SavedAction = namedtuple('SavedAction', ['log_prob', 'value'])
def select_action(state):
    policy_, value_ = model(state)
    a = Categorical(policy_)
    action = a.sample()
    model.saved_actions.append(SavedAction(a.log_prob(action), value_))
    return action.data[0], policy_.data[0], value_.data[0]


def finish_trial():
    R = 0
    returns_ = discount_rwds(np.asarray(model.rewards), gamma=discount_factor)
    saved_actions = model.saved_actions
    
    policy_losses = []
    value_losses = []
    
    returns_ = torch.Tensor(returns_)
    #returns_ = (returns_ - returns_.mean()) / (returns_.std() + np.finfo(np.float32).eps)
    for (log_prob, value), r in zip(saved_actions, returns_):
        rpe = r - value.data[0, 0]
        policy_losses.append(-log_prob * rpe)
        value_losses.append(F.smooth_l1_loss(value, Variable(torch.Tensor([r]))))
    optimizer.zero_grad()
    loss = torch.cat(policy_losses).sum() + torch.cat(value_losses).sum()
    loss.backward(retain_graph=False)
    optimizer.step()
    del model.rewards[:]
    del model.saved_actions[:]

In [3]:
#========================
# Environment Parameters
#======================== 
height = 15
width = 15

mazetype = 'none'
#obstacle density
obs_rho = 0

#place cells
place_cells = 700
#place cell full width half max (must be <1)
fwhm = .2

#make environment
maze = gridworld([height, width],rho=obs_rho,num_pc=place_cells, pc_fwhm=fwhm, maze_type=mazetype)

make_env_plots(maze,1,0,0)

TypeError: object of type 'zip' has no len()

In [None]:
#==================================
# Set up Data Recording Structures
#==================================
print_freq = 1./10
total_reward = [] #track total reward achieved in trial 
total_loss = [[],[]] #[actor loss, critic loss]

# data frames for value and policy maps
val_maps = []
pol_maps = np.zeros((height, width), dtype=[('action_taken', 'i4'),('taken_prob', 'f4'), ('likely_action', 'i4'),('likely_prob', 'f4'), ('timestep', 'i4')])

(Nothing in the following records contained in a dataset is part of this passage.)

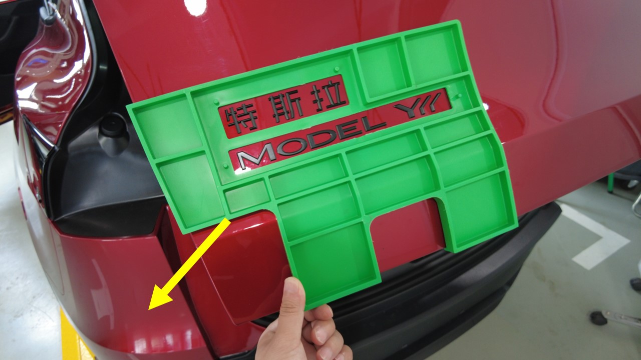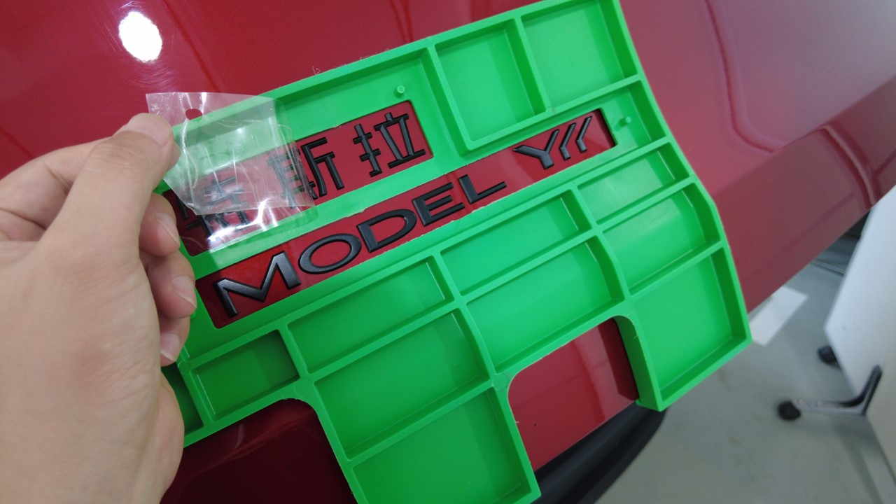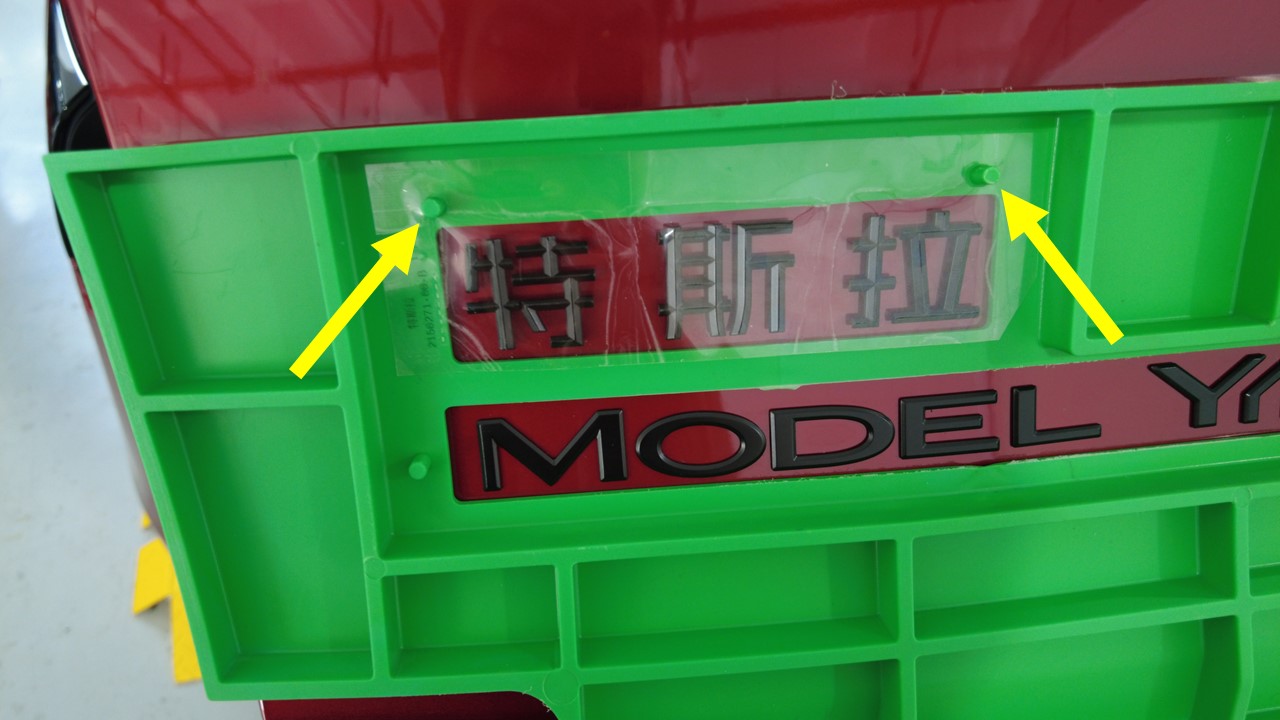 揭下中国地区用 Tesla 徽标的背胶,将保护膜上的孔与夹具 (2249790-00-A) 上的固定销对齐,然后将徽标压向掀背尾门。
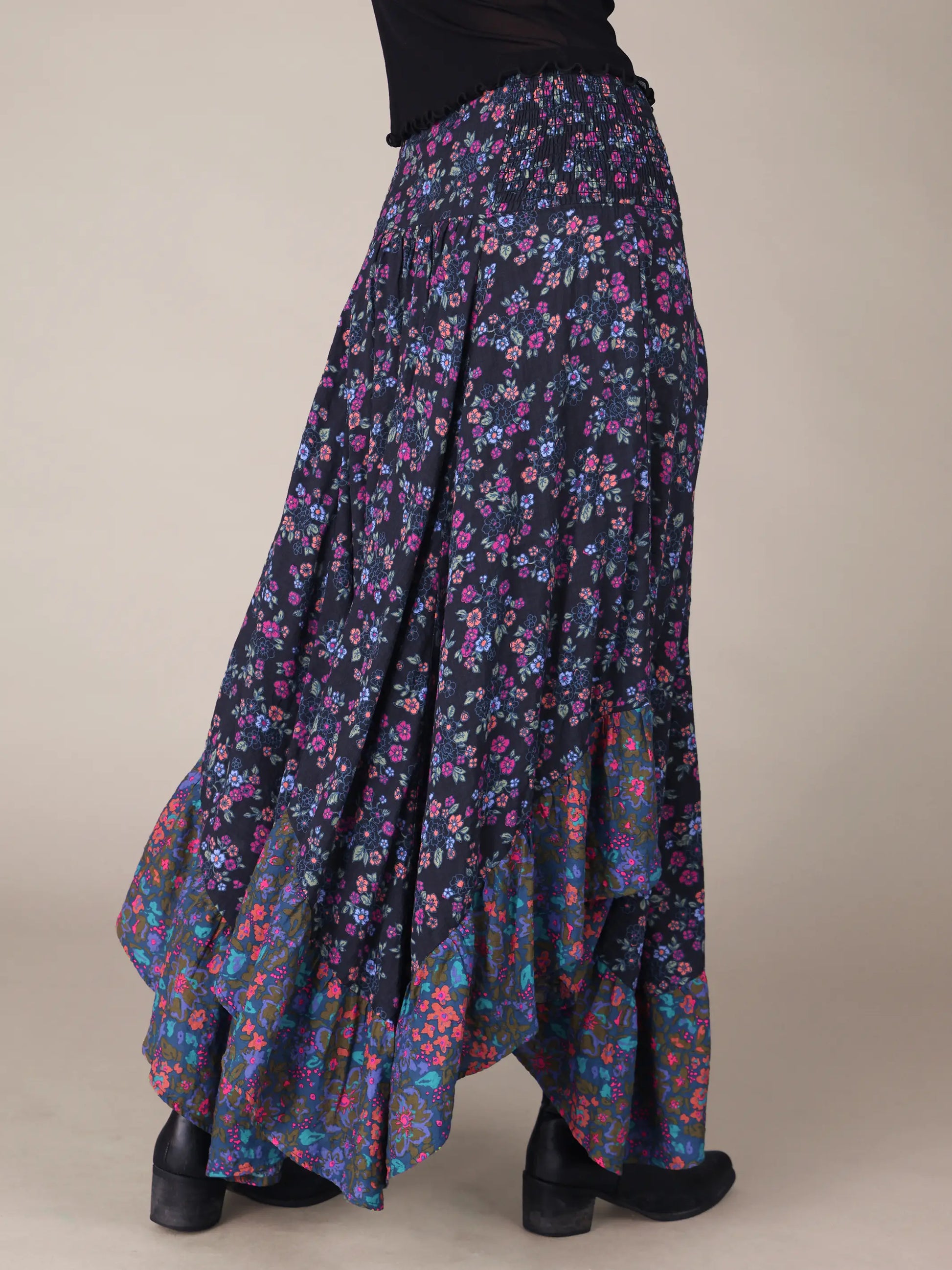 Feelin' Alive Convertible Midi Skirt - Wildflower Ditsy Charcoal
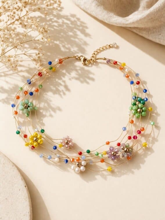 The playful combination of bright hues and dainty flower accents creates a lively, eye-catching design that effortlessly enhances both casual and dressy outfits. The layered construction gives a soft, flowing drape across the neckline, offering texture, movement, and a unique handcrafted feel.
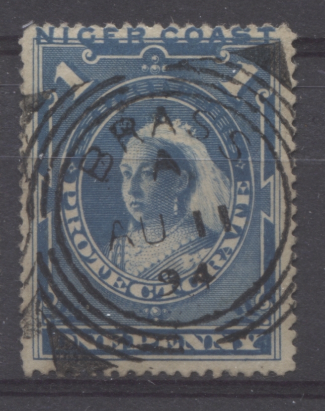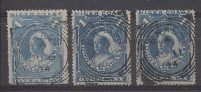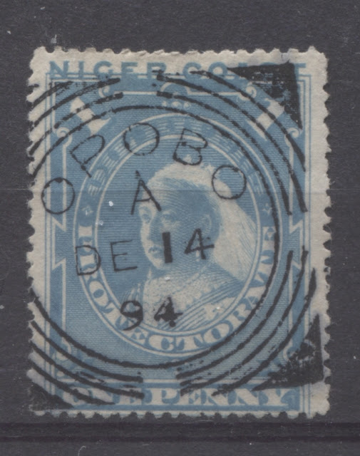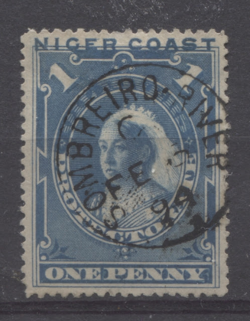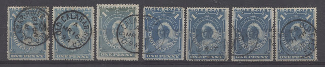 This village is less common than Old Calabar, Old Calabar River and Bonny, but it is not rare. Here, I have one CDS cancellation dated November 11, 1895, which is a little on the late side for this issue, but still within period.
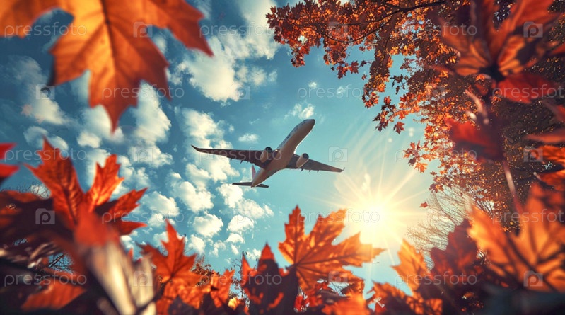 Самолет летит в синем осеннем небе, обрамляя красные кленовые листья, летит в отпуск осенью
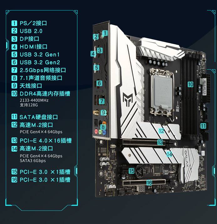 影驰B660金属大师D4主板IO接口配置丰富,配有HDMI、DP全数字接口、USB 3.2/2.0接口、7.1声道音频接口、PS/2接口、2.5Gbps网络接口,此外也预留了Wi-Fi插槽,拓展性能强劲。
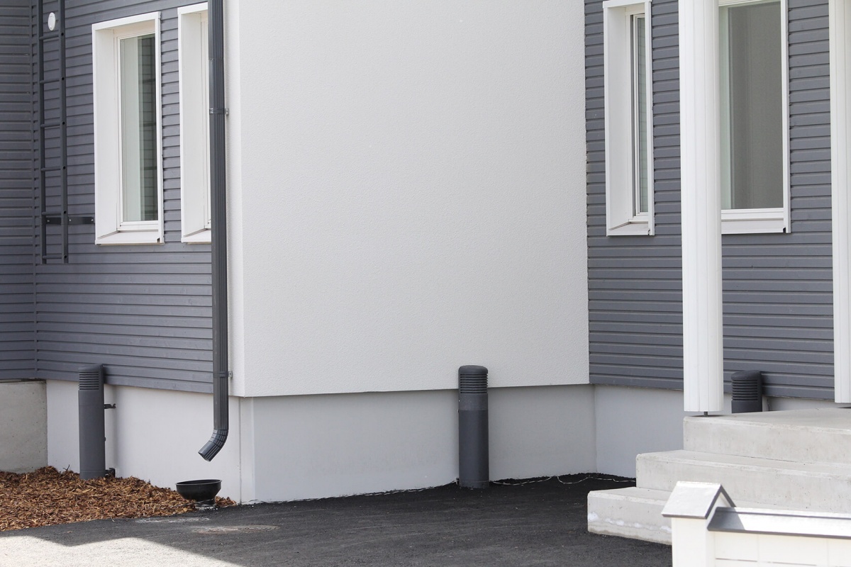 Наиболее эффективная циркуляция воздуха в цокольной части здания достигается при одновременном использовании VILPE ЕСо110 вентилятора для вытяжки радона и VILPE ROSS цокольного дефлектора в качестве приточной трубы.
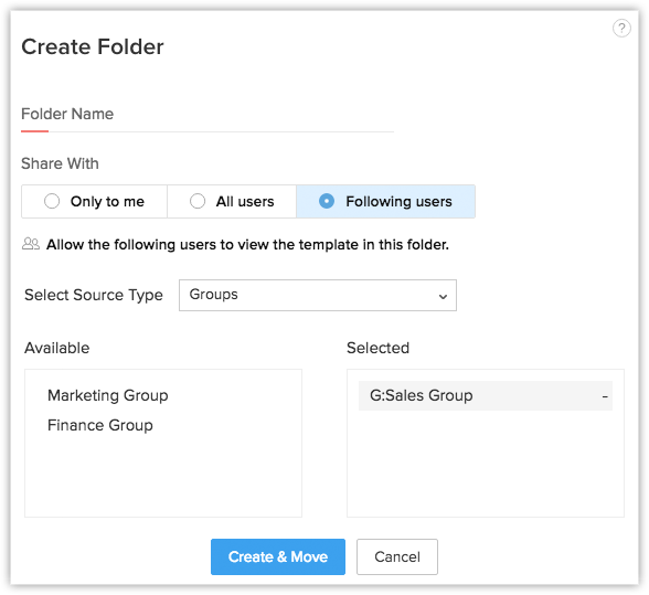 - If you want to create a folder when moving templates, click on the + New Folder after creating the template and enter the folder details and click Create.
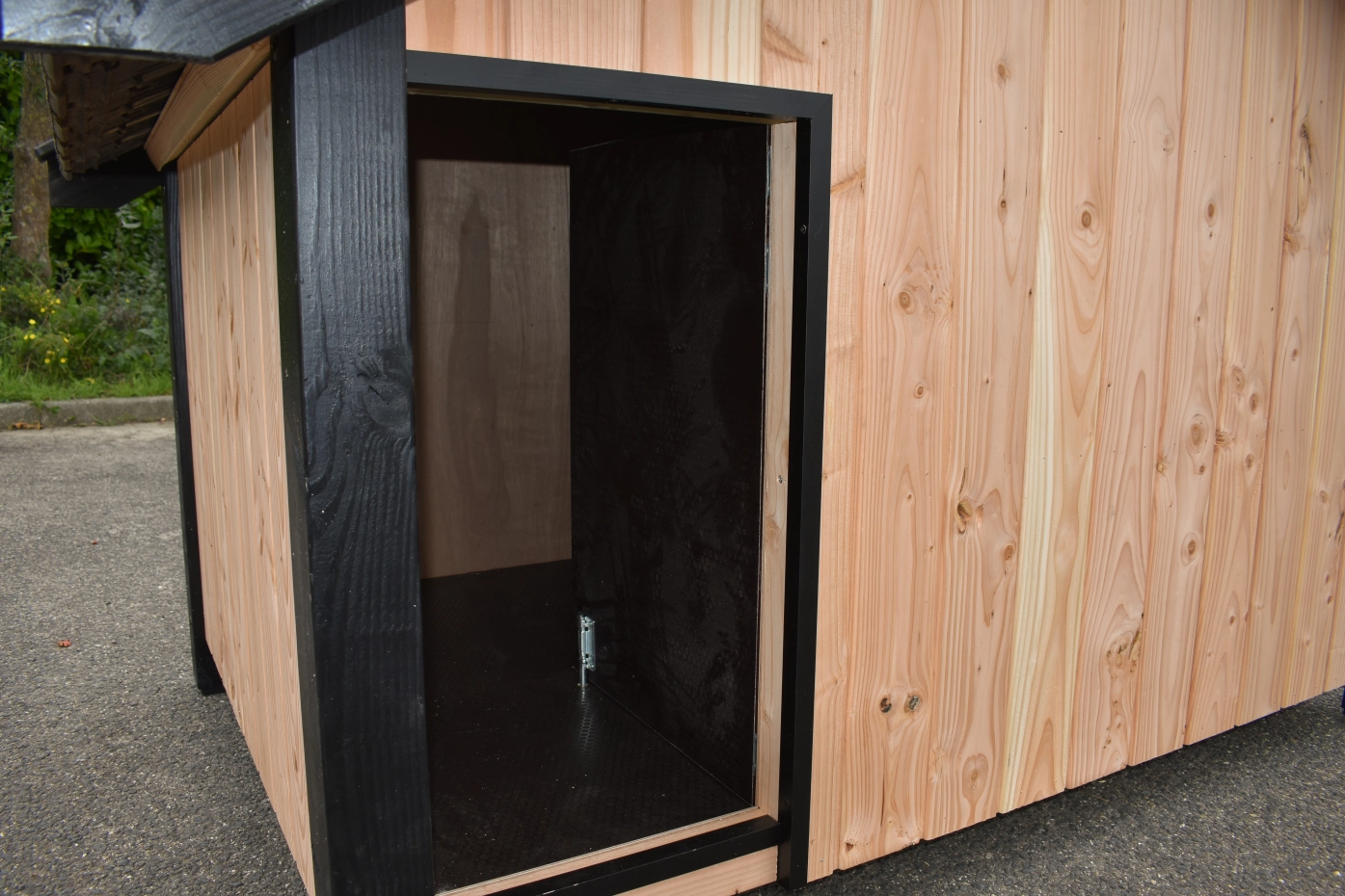Het hondenhok Turbo Douglas Zwart heeft zwarte palen en planken van duurzaam douglas hout. Het beschikt over een draaibaar tochtschot en een zijluik voor optimale ventilatie en gemakkelijke reiniging. Dit hondenhok is geschikt voor bijvoorbeeld de Berner Sennenhond, Duitse dog en de Boerboel.
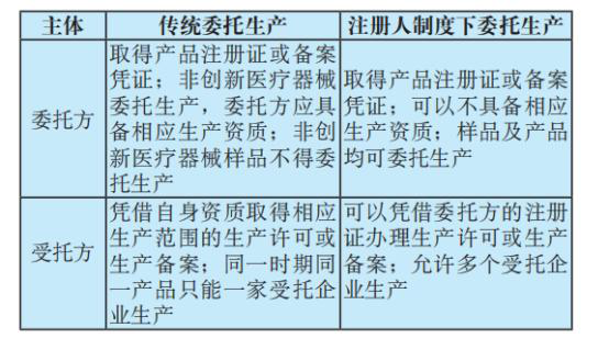 2.2 注冊人制度下委托生產(chǎn) 的特 點(diǎn) 注冊人制度將委托生產(chǎn)主體范 圍擴(kuò)大,委托方不再局限于生產(chǎn)企業(yè),受 托方可以結(jié)合委托方 需求及其 資源獲得相應(yīng)的生產(chǎn)許可,與傳統(tǒng)委托生 產(chǎn)的對比見表 1,這樣可 以整合委托雙方 的資源, 促進(jìn)行業(yè)精細(xì)分工, 使專業(yè)人干專業(yè)事是 醫(yī)療器械行業(yè)發(fā)展一大進(jìn)步。 表 1 醫(yī)療 器械 注冊 人 制 度 下 的 委托 生產(chǎn) 與傳 統(tǒng)委 托 生產(chǎn) 的對 比表
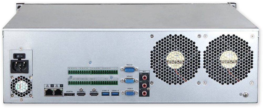 Video výstup: 2 x HDMI 4K (3840 x 2160 px), 2 x VGA FullHD (1920 x 1080 px), maximální počet kamer a rozlišení grafického výstupu (decoding capability) dle datasheetu výrobce
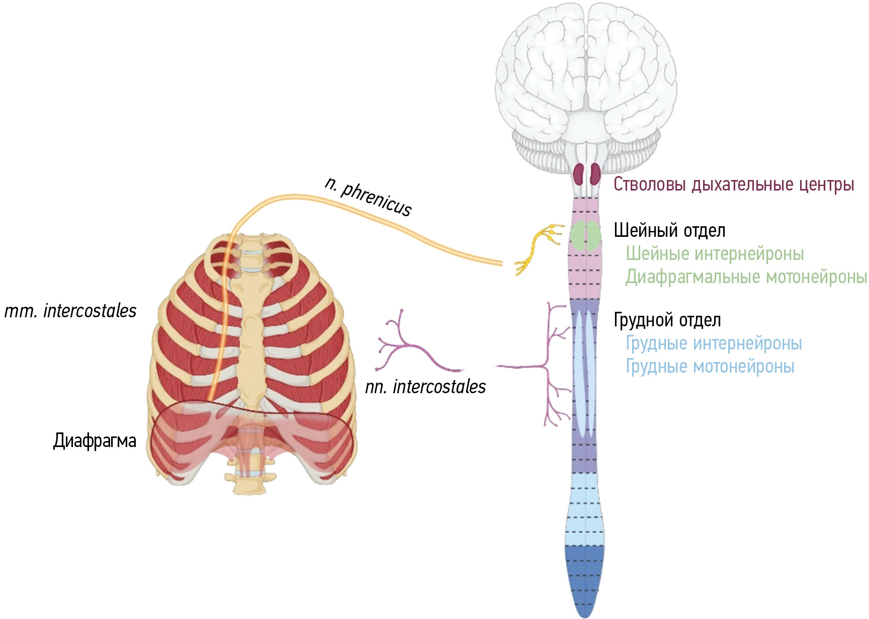 Временные и координационные характеристики дыхания сложны и включают множество нейронных популяций, контролирующих несколько групп мышц (рис. 1). Автоматическое центральное управление ритмом дыхания происходит в дыхательных центрах ствола мозга после интеграции сенсорной обратной связи. Затем бульбоспинальные входы синапсируют на премоторные и моторные нейроны диафрагмальных нервов в шейном отделе спинного мозга (сегменты CIII–CV). Билатеральные диафрагмальные нервы иннервируют основную инспираторную мышцу — диафрагму, которая сокращается, благодаря этому расширяется грудная полость и увеличивается объем легких для механического обмена вдыхаемых газов. Ритмогенные дыхательные центры ствола мозга также синапсируют с мотонейронами грудного отдела спинного мозга, которые в итоге иннервируют наружные межреберные мышцы, ответственные за расширение грудной клетки при вдохе (основной вклад вносят сегменты TI–TIII, а более каудальные мотонейроны грудного отдела спинного мозга дополняют их работу в разной степени). Вспомогательные дыхательные мышцы, используемые для активного дыхания, а также после травмы, включают грудино-ключично-сосцевидную, лестничные, косые мышцы живота, прямые мышцы живота, грудную и внутренние межреберные мышцы.

# record current time before beginning of trial
print("Run started: ", strftime("%a, %d %b %Y %H:%M:%S +0000", time.localtime()))
runtime= time.time()
blocktime = time.time()
for trial in xrange(NUM_TRIALS):
    start_time = time.time()

    reward_sum = 0

    # reset the environment, initialize agent position and reset value map
    maze.start_trial()
    maze.value_map = maze.init_value_map

    # get inital state
    state = Variable(torch.FloatTensor(maze.net_state))
    for event in xrange(NUM_EVENTS):
        # get policy and value estimate in order to select next action
        choice, policy, value = select_action(model,state)

        # select action
        action = maze.actionlist[choice]
        choice_prob = policy[choice]

        maze.value_map[maze.cur_state[1]][maze.cur_state[0]] = value
        pol_maps[maze.cur_state[1]][maze.cur_state[0]] = (choice, list(policy)[choice], list(policy).index(max(list(policy))), max(list(policy)), trial)

        # get new state of the environment and reward from action 
        if event < NUM_EVENTS:
            next_state = maze.move(action)
            
        model.rewards.append(maze.rwd)
        # update state
        state = autograd.Variable(torch.FloatTensor(next_state))

        reward_sum += maze.rwd
    
    total_reward.append(reward_sum)
    
    finish_trial(model, discount_factor,optimizer)
    val_maps.append(maze.value_map.copy())
    # print reward measure
    if trial==1 or trial%(print_freq*NUM_TRIALS)==0 or trial == NUM_TRIALS-1: 
        print ("Trial {0} finished w total reward = {1} (Avg {2:.3f})".format(trial, reward_sum, float(reward_sum)/float(NUM_EVENTS)), "Block took {0:.3f}".format(time.time()-blocktime))
        blocktime = time.time() 
    
print("Run took {0:.3f}".format(time.time()-runtime))

In [None]:
plt.plot(total_reward)
plt.show()

In [None]:
val_maps.append(maze.value_map.copy())

In [None]:
np.nanmax(val_maps)

plotrows = 4
plotcols = 5
fig, axes = plt.subplots(nrows=plotrows, ncols=plotcols, sharex=True, sharey =True)
items = np.linspace(0, len(val_maps)-1, plotrows*plotcols)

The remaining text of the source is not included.